**Assigned task:**
The expected output is an exact copy of the lines from the one containing "- TIGORA レディースS" to the final line below, minus any pictures.

Start of Given data

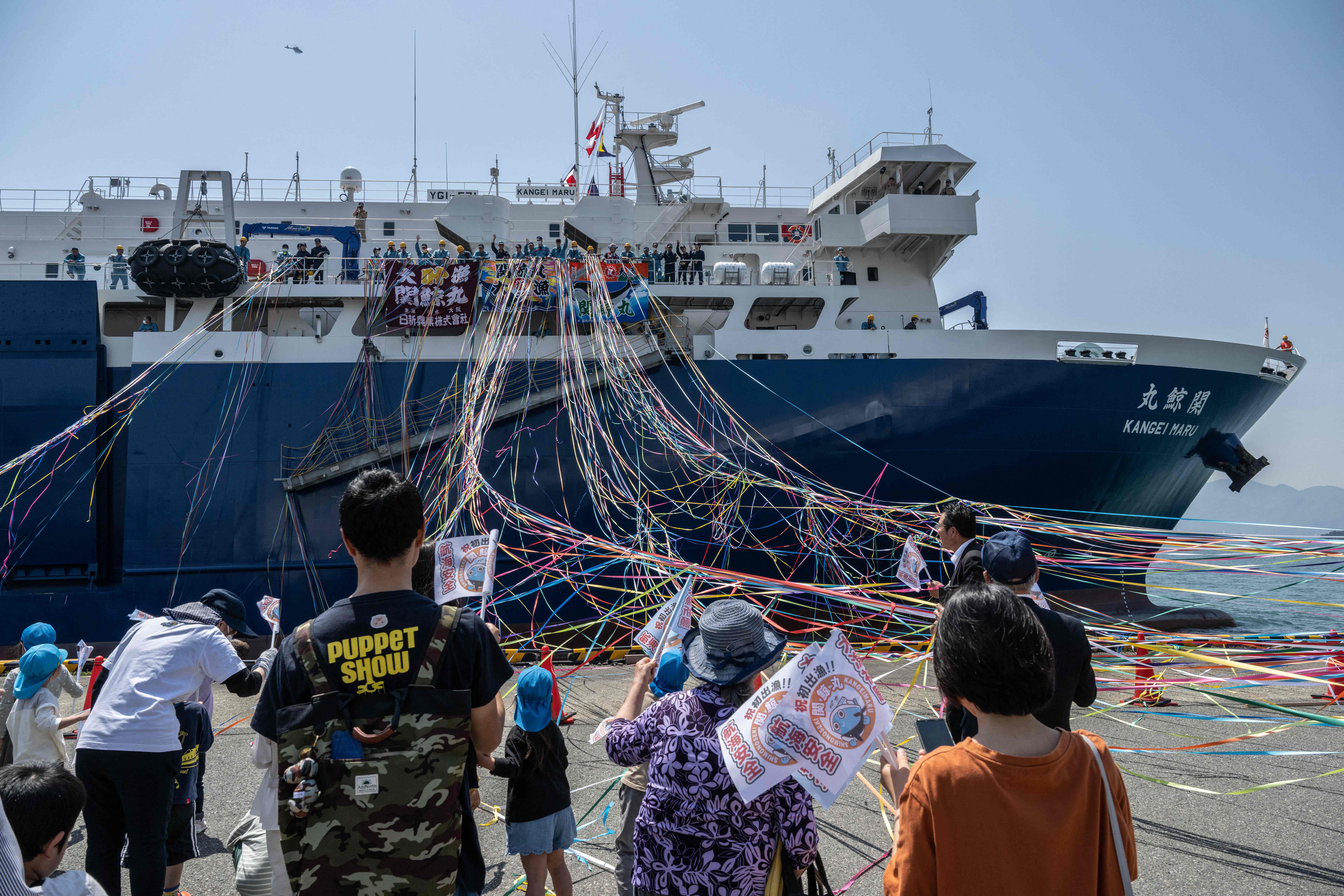 People see off Japan's new whaling mothership, the Kangei Maru, after the ship's launch ceremony at a port in Shimonoseki city, Yamaguchi prefecture on May 21, 2024. The nearly 9,300-tonne ship set sail on its maiden hunting voyage on May 21, heralding a new era for the controversial practice defended by the government as an integral part of national culture. (Photo by Yuichi Yamazaki/AFP Photo)
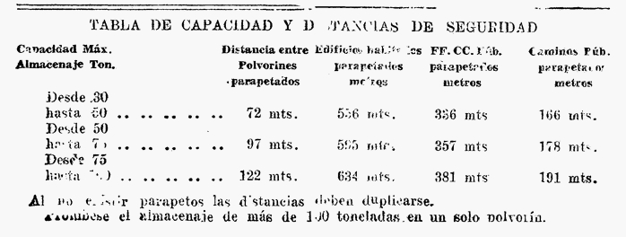 Los parapetos de los polvorines mismos consistirán en muros de circunvalación a unos 3 metros de distancia del edificio. La entrada no podrá estar frente a la puerta del polvorín. La altura de los parapetos será del alto de los muros del polvorín, siendo verticales en su parte interior y en la exterior; el ángulo podrá variar entre 23o y 60o de inclinación, según la consistencia de la tierra o material empleado.
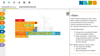 Im Open Roberta® Lab erweckt Ihr Eure Roboter und Mikrocontroller mit der grafischen Programmiersprache NEPO® zum Leben. Per drag and drop erstellt Ihr schnell und spielerisch Programme für unterschiedliche Systeme. Mithilfe der »Open Roberta mobile«-App könnt Ihr NEPO-Programme für den LEGO Education WeDo 2.0 drahtlos via Bluetooth übertragen – egal, ob auf dem iPhone oder dem iPad. Open Roberta kommt mit vielen Extras • Eine Programmiersprache für viele Roboter • Galerie zum Teilen von Programmen • Live-Hilfestellungen für den schnellen Einstieg ins Coden • Quellcode-Ansicht • Unterschiedliche Sprachen für User weltweit • uvm.
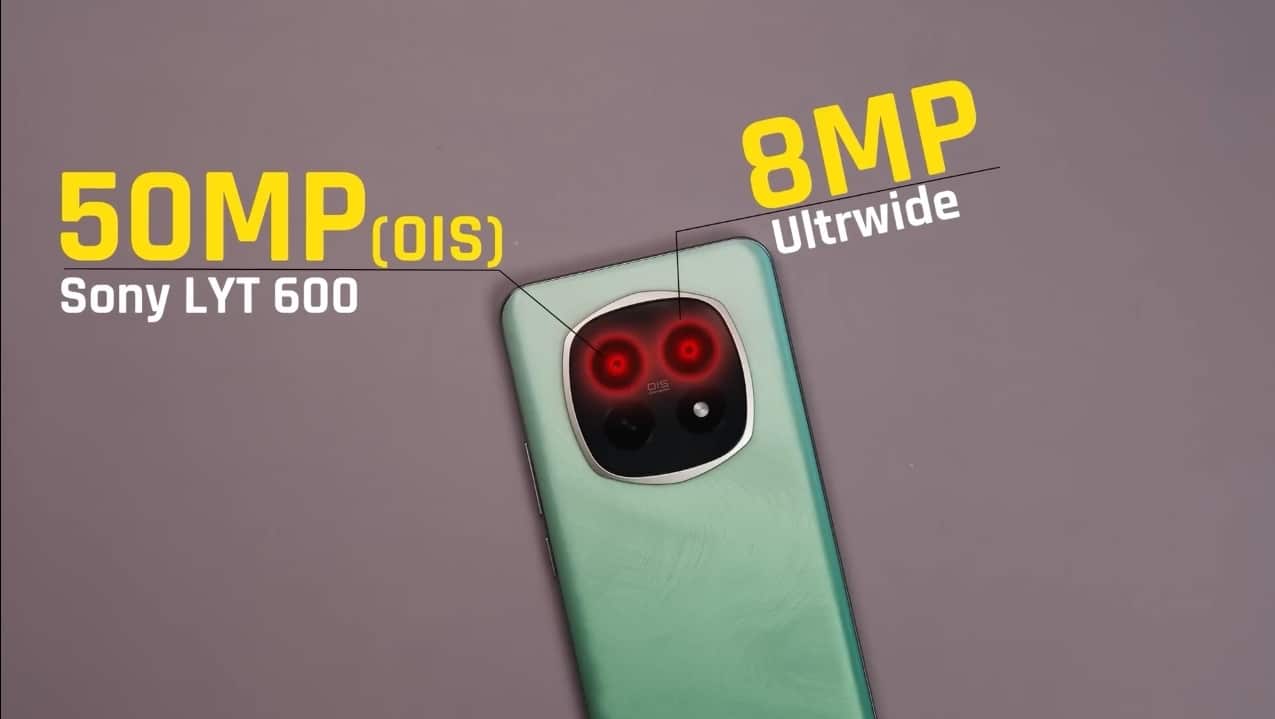 Rear में 2 कैमरे का setup मिलता है, जिसमें से Main कैमरा 50MP है with (OIS) और 8MP Ultrwide कैमरा है।
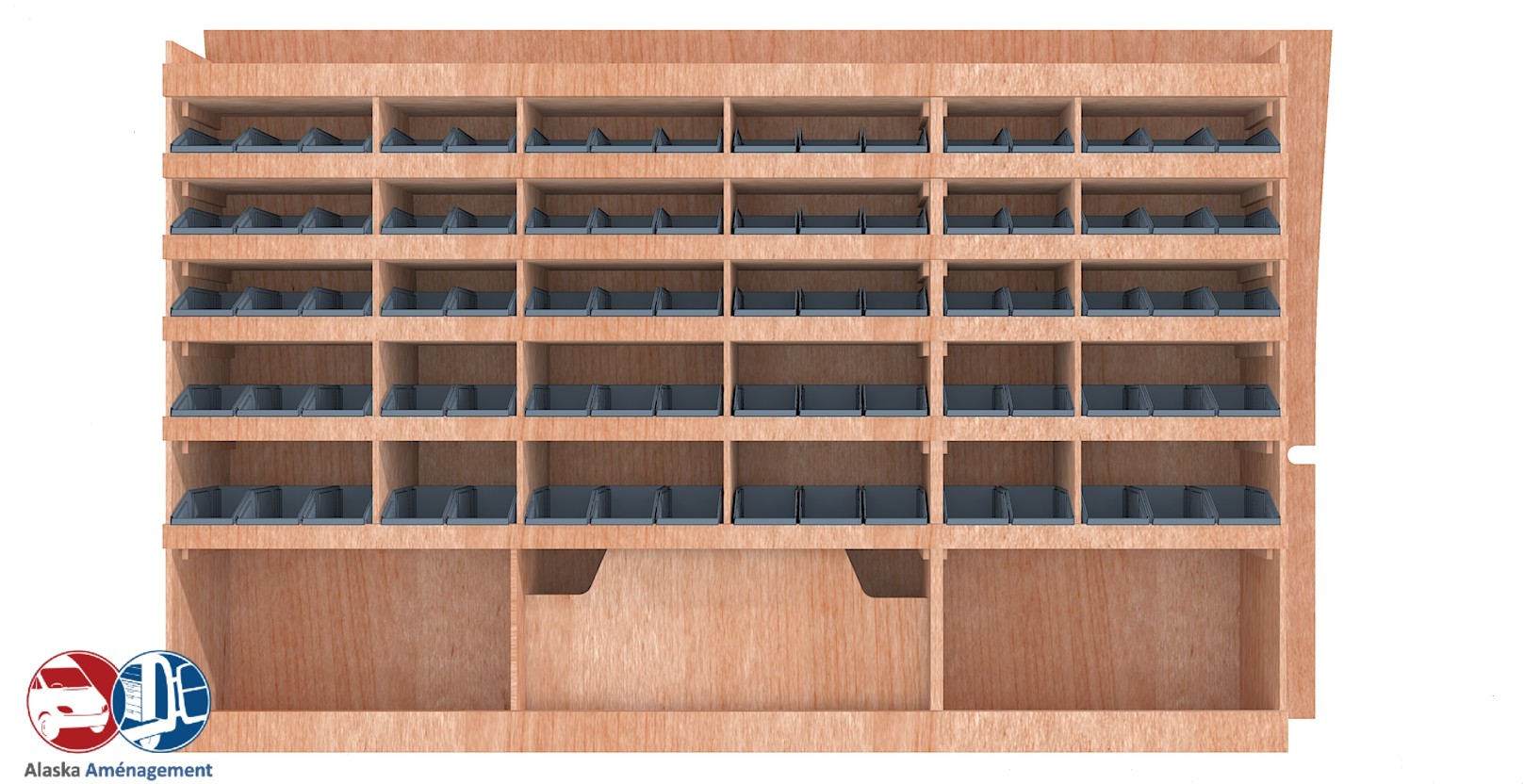 Ce meuble de rangement KRD101-N (pour le latéral « Droite » de votre véhicule) offre une solution de stockage polyvalente et fonctionnelle avec sept niveaux de stockage. Il comprend des étagères pour bacs à bec pour ranger toutes vos petites pièces. Une étagère supérieure est conçue pour les objets longs. Son fond arrière intégré assure la rigidité et protège la carrosserie du véhicule, évitant un habillage supplémentaire. Le meuble est disponible en contreplaqué brut ou filmé.
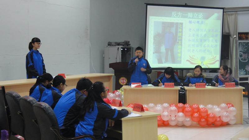 2015年12月29日晚六点半,双流中学实验学校第八届人文艺术节之辩论赛决赛在学术厅隆重举行,校领导高校长、张校长、刘主任、周主任隆重出席,参赛选手的家长、班主任应邀出席。
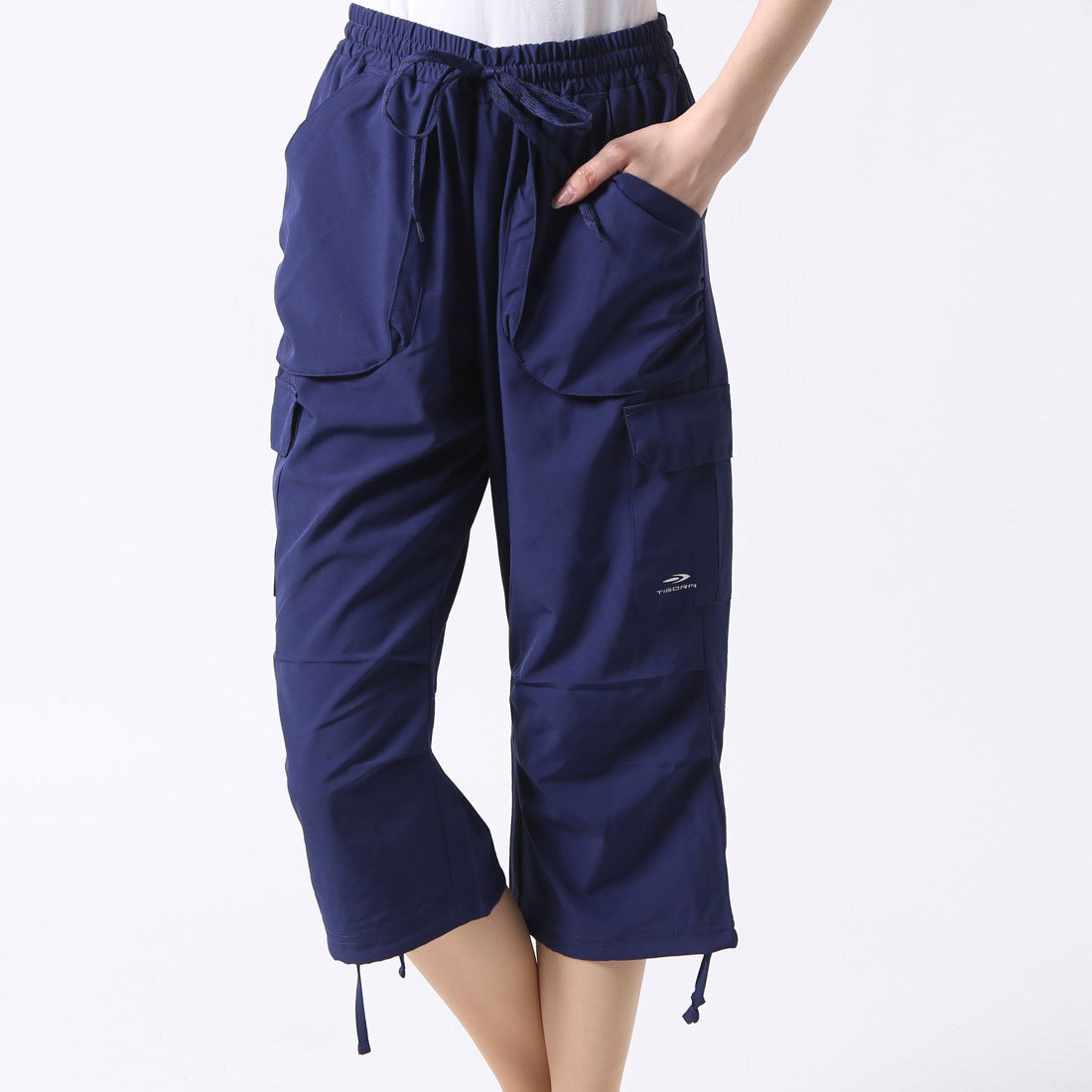 - TIGORA レディースS カプリパンツ 吸汗速乾 ストレッチ機能付き ネイビー 軽量 フィットネス エアロビクス ズンバ ヨガ ダンスウェアdamiss
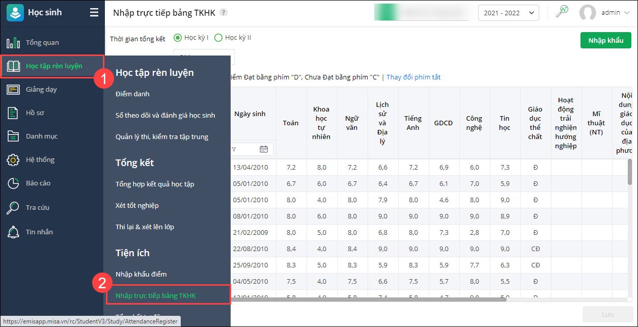 - Vào màn hình Học tập rèn luyện/Nhập trực tiếp bảng TKHK
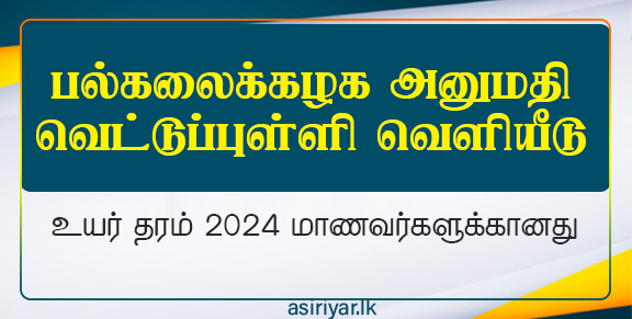 2024 க.பொ.த உயர் தரப் பரீட்சை பெறுபேறுகளின் அடிப்படையில் பல்கலைக்கழக அனுமதிக்கான வெட்டுப்புள்ளிகளை பல்கலைக்கழக மானியங்கள் ஆணைக்குழு வெளியிட்டுள்ளது.

End of Given data

**Response below:**
 - TIGORA レディースS カプリパンツ 吸汗速乾 ストレッチ機能付き ネイビー 軽量 フィットネス エアロビクス ズンバ ヨガ ダンスウェアdamiss
 - Vào màn hình Học tập rèn luyện/Nhập trực tiếp bảng TKHK
 2024 க.பொ.த உயர் தரப் பரீட்சை பெறுபேறுகளின் அடிப்படையில் பல்கலைக்கழக அனுமதிக்கான வெட்டுப்புள்ளிகளை பல்கலைக்கழக மானியங்கள் ஆணைக்குழு வெளியிட்டுள்ளது.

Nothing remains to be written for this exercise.